You are viewing a plain text version of this content. The canonical link for it is here.
Posted to derby-user@db.apache.org by yves pielusenet <yv...@free.fr> on 2006/06/12 16:18:07 UTC

Re: Iterate over big table...

Le vendredi 19 mai 2006 à 13:13 -0700, Stanley Bradbury a écrit :
> yves pielusenet wrote:
> 
> >Hello,
> >I have such a table :
> >CREATE TABLE data (
> >   numvign INTEGER PRIMARY KEY,
> >   data BLOB NOT NULL
> >)
> >
> >This table should have millions of records. I have to iterate over all
> >records.
> >What is the best way (I don't want to have a outOfMemoryException) :
> >
> >for(int i=0; i<nbRows; i++){
> >    theData = select data from data where numvign=i;
> >    doSomething(theData);
> >}
> >
> >or :
> >
> >alldata = select data from data order by numvign;
> >while(alldata.hasNext()){
> >   doSomething(allData.next());
> >}
> >
> >When I do a big select, are all selected rows into memory or derby
> >access to database when it necessary ?
> >
> >thanks :)
> >
> >  
> >
> Hi -
> With the proper Derby pageCache and JVM maxHeap settings you should not 
> get OutOfMemory (OOM) exceptions when using Derby.  Determining the 
> exact, best setting requires iterative testing on your application using 
> different settings.  I've included guidelines below on how to balance 
> these factors for a system.  The default pageCache setting of Derby 
> works well for databases that do not make heavy use of LOB data (thus 
> utilizing many 32 K pages rather than the standard 4 K pages).  When you 
> select  from the above table you will be using all 32 K pages and should 
> compute the proper setting for pageCache and maxHeap to obtain a ratio 
> on 16:1 or higher.  I have not heard of OOM exceptions happening in 
> systems using a 20:1 ratio or higher.
> 
> Here's the basic information you need to know:
> Avoinding  OOM exceptions means balancing three things:
>      How much of the  physical memory of the machine you can allocate to 
> the JVM.
>           IMPORTANT: The JVM must fit in physical memory.
>      The maximum heap size allowed for the jvm (-Xmx )
>      The size of the Derby/Cloudscape pageCache (pageCache * avg. pageSize)
> 
> The JVM maximum Heap size (maxHeap) is set using the java parameter 
> "-Xmx#m" where # is the maximum number of Mb to allocate to the heap 
> (for example java -Xmx128m - for a 128 Mb maxHeap).
> The Derby pageCache size is set using the property 
> derby.storage.pageCacheSize. pageCache and is specified in database 
> pages (which can be of various sizes: 4K for standard tables, 32K for 
> tables with LOBs). 
> 
> The following sizing method computes the number of pages to allocate to 
> the pageCache as a ratio of the JVM maximum Heap size.  This ratio for a 
> default implementation of Derby is 16:1 (default sizes:  pageCache of 
> 1000 pages, only 4 K pages in the database running in a 64 Mb JVM) and 
> can be calculated using the following formula:  JVM maxHeap / ( (avg. 
> page size) * pageCache) / pageCache) [ 64M / ( (1000*4)/1000 ].  If you 
> are getting OOM exceptions in Derby it is likely that your 'avg. page 
> size' is greater than 4 K.
> 
> 
Hello,
I know it is a old message. I understand the aswer. I use this into my
application :

String pageSize = System.getProperty("derby.storage.pageSize", "16384");
System.getProperties().put("derby.storage.pageSize", pageSize);

String pageCacheSize = System.getProperty("derby.storage.pageCacheSize", "500");
System.getProperties().put("derby.storage.pageCacheSize", pageCacheSize);

String nbInitialPage = System.getProperty("derby.storage.initialPages", "100");
System.getProperties().put("derby.storage.initialPages", nbInitialPage);

It works well when I do lots of 'select' which returns me a single row.

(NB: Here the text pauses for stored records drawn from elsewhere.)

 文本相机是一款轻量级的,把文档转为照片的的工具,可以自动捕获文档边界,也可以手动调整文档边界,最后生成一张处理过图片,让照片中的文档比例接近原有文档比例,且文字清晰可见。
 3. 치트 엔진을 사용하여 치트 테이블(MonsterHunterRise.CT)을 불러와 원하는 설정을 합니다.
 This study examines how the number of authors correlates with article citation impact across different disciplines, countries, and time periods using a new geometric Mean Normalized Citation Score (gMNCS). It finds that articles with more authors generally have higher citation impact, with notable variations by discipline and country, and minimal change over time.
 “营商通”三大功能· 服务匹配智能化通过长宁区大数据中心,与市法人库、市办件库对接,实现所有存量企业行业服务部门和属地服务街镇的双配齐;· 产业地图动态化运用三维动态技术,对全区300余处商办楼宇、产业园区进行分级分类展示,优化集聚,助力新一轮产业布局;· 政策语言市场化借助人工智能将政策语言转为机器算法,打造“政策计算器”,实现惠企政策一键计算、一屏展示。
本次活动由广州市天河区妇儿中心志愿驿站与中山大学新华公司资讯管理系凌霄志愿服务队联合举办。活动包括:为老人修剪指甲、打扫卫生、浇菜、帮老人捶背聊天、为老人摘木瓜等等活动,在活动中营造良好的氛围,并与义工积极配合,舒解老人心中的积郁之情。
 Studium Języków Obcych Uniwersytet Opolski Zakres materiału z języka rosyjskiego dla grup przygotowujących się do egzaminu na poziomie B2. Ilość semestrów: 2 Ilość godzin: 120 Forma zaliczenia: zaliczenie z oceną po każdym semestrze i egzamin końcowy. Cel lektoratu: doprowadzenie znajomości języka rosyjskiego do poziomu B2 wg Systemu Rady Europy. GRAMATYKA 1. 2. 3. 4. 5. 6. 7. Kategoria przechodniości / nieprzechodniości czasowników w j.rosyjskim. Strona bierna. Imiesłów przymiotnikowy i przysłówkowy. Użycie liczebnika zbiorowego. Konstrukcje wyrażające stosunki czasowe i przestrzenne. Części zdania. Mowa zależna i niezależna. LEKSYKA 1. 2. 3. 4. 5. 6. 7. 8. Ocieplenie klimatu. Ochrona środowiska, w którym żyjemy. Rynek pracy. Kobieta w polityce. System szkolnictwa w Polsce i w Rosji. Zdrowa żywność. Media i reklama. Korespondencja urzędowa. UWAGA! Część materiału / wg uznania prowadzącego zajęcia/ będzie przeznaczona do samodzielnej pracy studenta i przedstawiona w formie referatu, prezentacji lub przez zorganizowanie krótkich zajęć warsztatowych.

As as say in my first post, I have to iterate aver a very big table
(millions of rows).
So can I do a 'select * from data order by index' over this big table ?
is it better than doing :
for(int id=1; id<nbrow; id++){
   ResultSet rs = select * from data where index=id
}
?

is the resultSet of jdbc derby use the pagecache ?

thanks :)

-- 
yves piel


Re: Iterate over big table...

Posted by Dy...@Sun.COM.
Suavi Ali Demir <de...@yahoo.com> writes:

> if it is a forward only cursor, when you do a select * and loop through all rows and doSomething() with each row (and not hold a reference to the data yourself), there would be only 1 row's data in memory at a given time, no? (or few rows if Derby prefetches in chunks as you do rs.next())

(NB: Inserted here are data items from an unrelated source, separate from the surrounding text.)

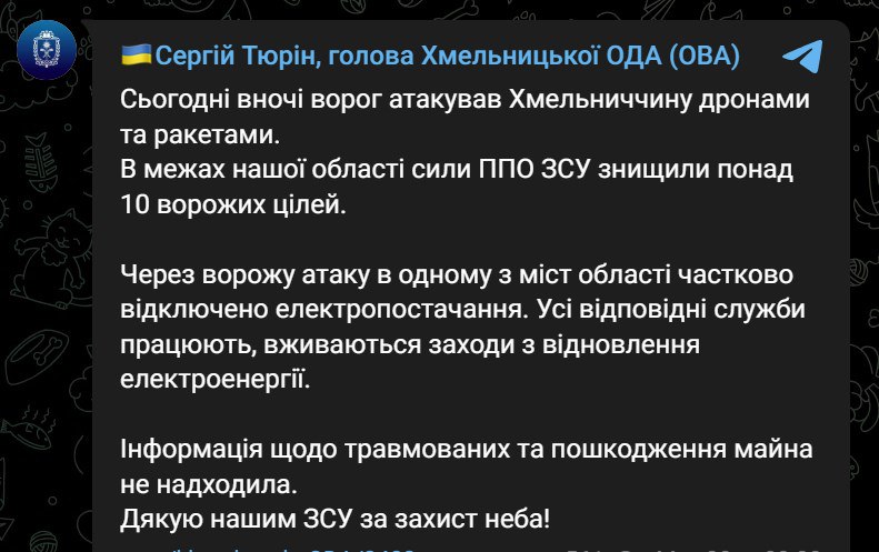 Между тем власти Хмельницкой области подтвердили ночной удар по региону.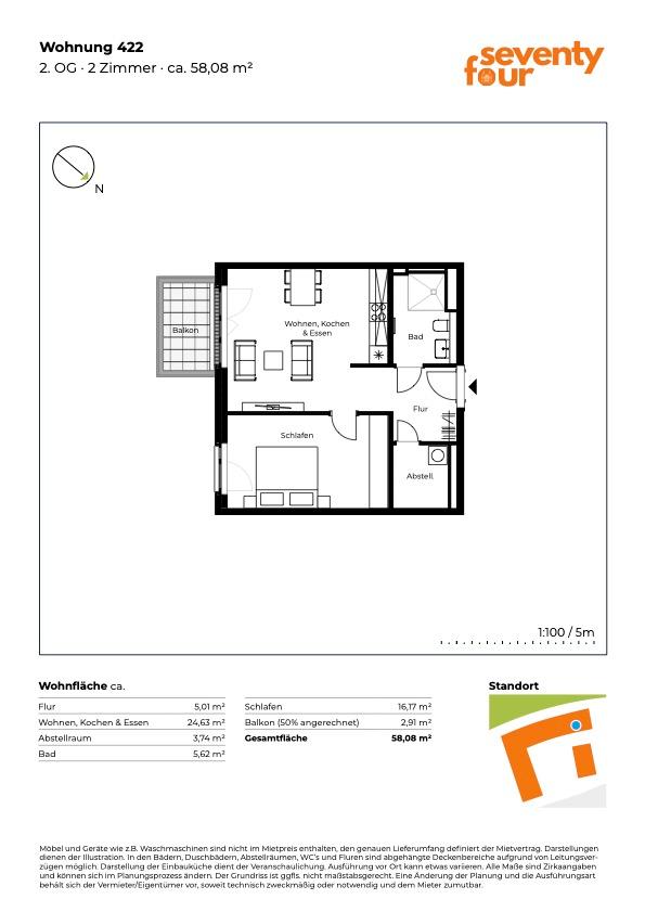 Zimmeranzahl :2 Gesamtgröße :ca. 58,08 m² Stand vom :07.04.2026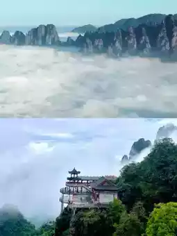 At 9 am, I took a cable car to the mountainside, where I was surrounded by clouds and mists, as if I had entered a fairyland. The rolling mountains loomed in and out of the clouds and mists, as if shrouded in a mysterious veil, full of endless reverie and poetry.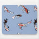 Features a graphic design of koi carp against a blue background, based on traditional Japanese art. The fish are ornamental animals often kept in ponds in oriental gardens, and they can symbolize romantic love, affection and friendship, because the word "koi" in Japanese is pronounced the same as another word that means "love".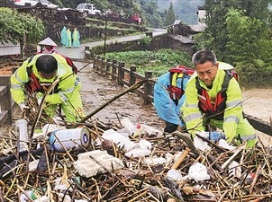 2024年6月,王忠心(右一)与救援队队员在休宁县蓝田镇儒村抢通因暴雨受阻的道路。武时化摄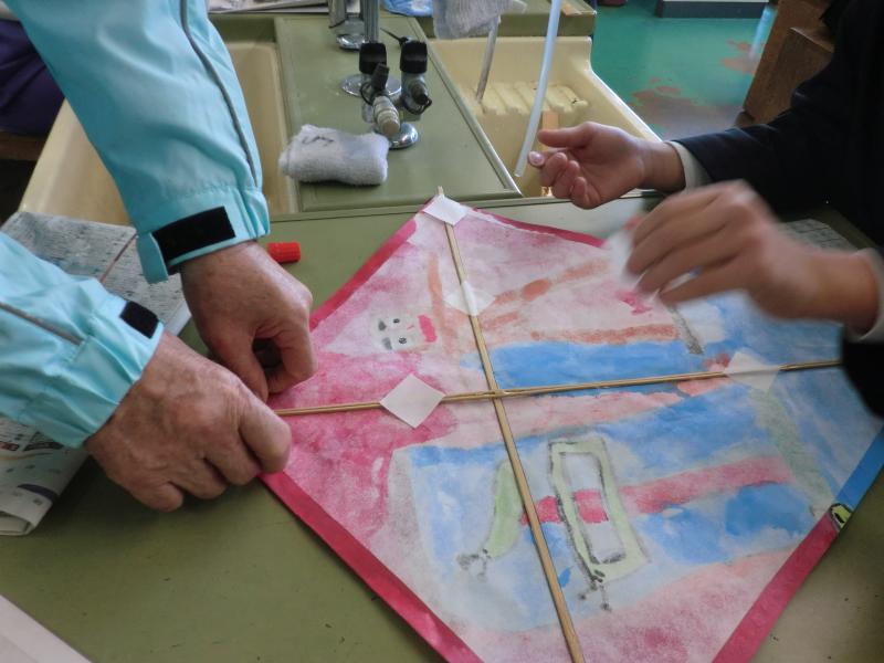 初めて挑戦することばかりで、戸惑うこともありましたが、凧の会のみなさんがグループごとについて優しく声かけしてくださり、子供たちも安心して作業を進めることができました。

Could well be. I don't know :) I assumed that the OP had tried it and
WAS seeing out-of-memory errors when querying for all the
records.

-- 
dt

Re: Iterate over big table...

Posted by yves pielusenet <yv...@free.fr>.
Le lundi 12 juin 2006 à 08:02 -0700, Suavi Ali Demir a écrit :
> if it is a forward only cursor, when you do a select * and loop
> through all rows and doSomething() with each row (and not hold a
> reference to the data yourself), there would be only 1 row's data in
> memory at a given time, no? (or few rows if Derby prefetches in chunks
> as you do rs.next())
Cool :)
if it's right it is wonderfull.
Yes I only deals with forward only cursor and I loopthought all rows
without hold any references.
I can't use stored procedure since this is BLOB data wich contains
serialized objects.

best regards

-- 
yves piel

> 
> 
> Dyre.Tjeldvoll@Sun.COM wrote:
>         yves pielusenet writes:
>         
>         > Le vendredi 19 mai 2006 à 13:13 -0700, Stanley Bradbury a
>         écrit :
>         >> yves pielusenet wrote:
>         >> 
>         >> >Hello,
>         >> >I have such a table :
>         >> >CREATE TABLE data (
>         >> > numvign INTEGER PRIMARY KEY,
>         >> > data BLOB NOT NULL
>         >> >)
>         >> >
>         >> >This table should have millions of records. I have to
>         iterate over all
>         >> >records.
>         >> >What is the best way (I don't want to have a
>         outOfMemoryException) :
>         >> >
>         >> >for(int i=0; i>> > theData = select data from data where
>         numvign=i;
>         >> > doSomething(theData);
>         >> >}
>         >> >
>         >> >or :
>         >> >
>         >> >alldata = select data from data order by numvign;
>         >> >while(alldata.hasNext()){
>         >> > doSomething(allData.next());
>         >> >}
>         
>         Depends on what "doSomething" does. If doSomething could be
>         expressed
>         as SQL or done from a stored procedure, you wouldn't have to
>         materialize the entire 1 mill rowset in the client. 
>         
>         Instead of either getting all 1 mill rows into a single rs, or
>         performing 1 mill queries yielding a single-row rs, you could
>         try to
>         read as many rows as you think is safe, and repeat until you
>         are
>         done. But this doesn't work so well if there are "holes" in
>         your pk
>         sequence...
>         
>         -- 
>         dt
>         
> 


Re: Iterate over big table...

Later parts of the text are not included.